Я не спрашивал Роберта, как ему удалось сбежать из Франции. Он меня тоже. Это была старая привычка: о чем сам не знаешь — о том не проболтаешься, а кто из нас мог поручиться, что выдержит нынешние изощренные пытки?

— Что за народ! — внезапно воскликнул Хирш. — Что за проклятый народ, который так преследует своих беженцев. И к такому народу мы принадлежим!

Он уставился прямо перед собой. Мы помолчали немного.

— Роберт, — сказал я наконец, — а кто такой Танненбаум?

Он вышел из задумчивости:

— Танненбаум — еврейский банкир. Живет здесь уже много лет. Богат. Бывает очень великодушен, если его немножко подтолкнуть.

— Хорошо. Кто же его подтолкнул, что он решил мне помочь? Ты, Роберт? Снова принудительное воспитание гуманизма?

— Нет, Людвиг. Не я. Это была Джесси Штайн — самое кроткое создание среди здешних эмигрантов.

— Джесси? Она тоже здесь? Кто же ее сюда переправил?

Хирш рассмеялся:

— Она сама себя переправила, Людвиг. Без посторонней помощи. Со всеми удобствами. Да что там — с шиком! Она перебралась в Америку так же, как когда-то Фольберг в Испанию. Ты обнаружишь здесь немало знакомых. Даже в гостинице «Рауш». Не всех нас удалось уничтожить или посадить в концлагерь.
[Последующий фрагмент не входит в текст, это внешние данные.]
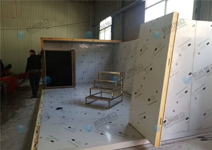 【我再也不想要因?yàn)樘鞖獾脑蚨粩喔淖兠追酆娓伞窟@句話(huà)是很多在做米粉生產(chǎn)線(xiàn)的老板們都煩惱的事,每天都要看著天氣預(yù)報(bào),有時(shí)預(yù)報(bào)不準(zhǔn)確人員趕不及米粉都潮濕了,于是老板們便在網(wǎng)上搜索米粉烘干機(jī),撥打4008852117了解到旭眾空氣能烘干機(jī),我們不僅提供烘干機(jī),也能定做烘干房一體機(jī),食品廠(chǎng)老板一聽(tīng)立馬先定購(gòu)一套小型的設(shè)備,想試試自然晾干與空氣能烘干機(jī)烘干出來(lái)的米粉質(zhì)量對(duì)比后,后續(xù)再?zèng)Q定是否再訂購(gòu)大型的。于是便給他安排了小型烘干房正安裝現(xiàn)場(chǎng)中: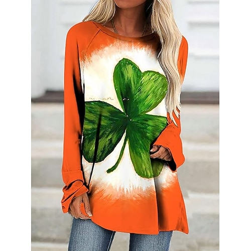 T-Shirt da donna di San Patrizio Quotidiana Casuale Maniche Lunghe Arancione Autunno Inverno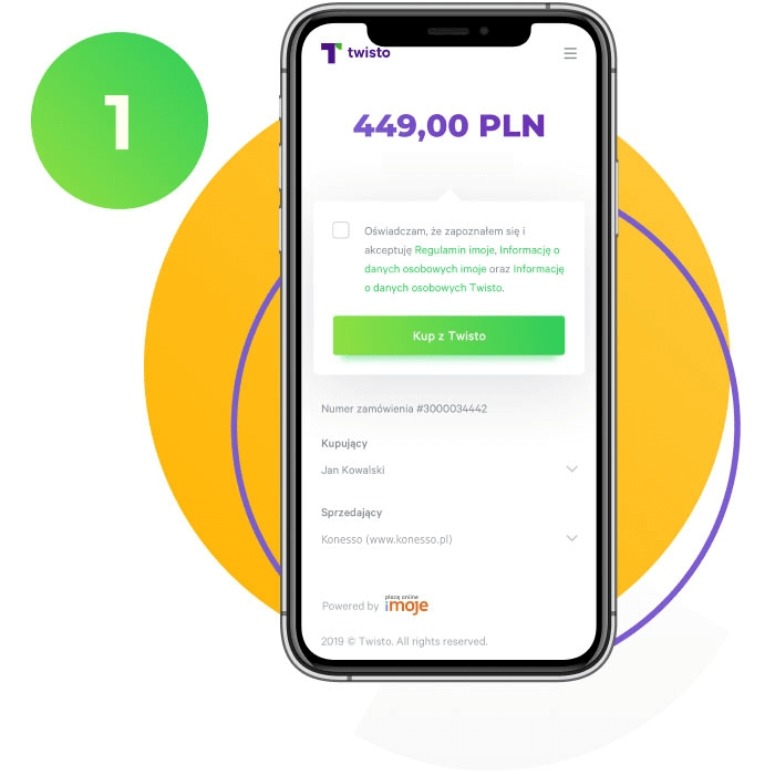 W koszyku przy wyborze formy płatności wybierz Twisto i dokończ składanie zamówienia. Po uzyskaniu pozytywnej weryfikacji, kliknij "Kup z Twisto".

Два года тому назад Фольберг промучился несколько недель, осаждая франко-испанскую границу. Он не смог получить ни выездной французской, ни въездной испанской визы. В то время как прочие эмигранты карабкались тайными тропами через Пиренеи, Фольберг, неспособный к горным переходам, в отчаянии взял напрокат допотопный «роллс-ройс» с запасом бензина километров на тридцать и покатил в Испанию прямо по главной дороге. Владелец автомобиля взял на себя роль шофера. Он одолжил Фольбергу свой лучший костюм со всеми боевыми орденами, которые тот гордо выставил напоказ, вальяжно развалившись на заднем сиденье. Блеф удался. Никто из пограничников не решился потребовать визу у мнимого владельца «роллс-ройса». Вместо этого все они столпились у капота, а Фольберг снисходительно объяснял, что там к чему.

— Что, Джесси Штайн приехала в Нью-Йорк на «роллс-ройсе»? — съехидничал я.

— Нет, Людвиг. Она прибыла последним рейсом «Королевы Мэри» перед началом войны. Когда она сошла с корабля, ее виза была действительна только два дня. Но ее сразу же продлили еще на шесть месяцев. И с тех пор регулярно продлевают каждые полгода.

Внезапно у меня перехватило дыхание. Я уставился на Хирша.

— Роберт, такое и в самом деле бывает? — спросил я. — Значит, визу здесь могут продлить? Даже туристическую?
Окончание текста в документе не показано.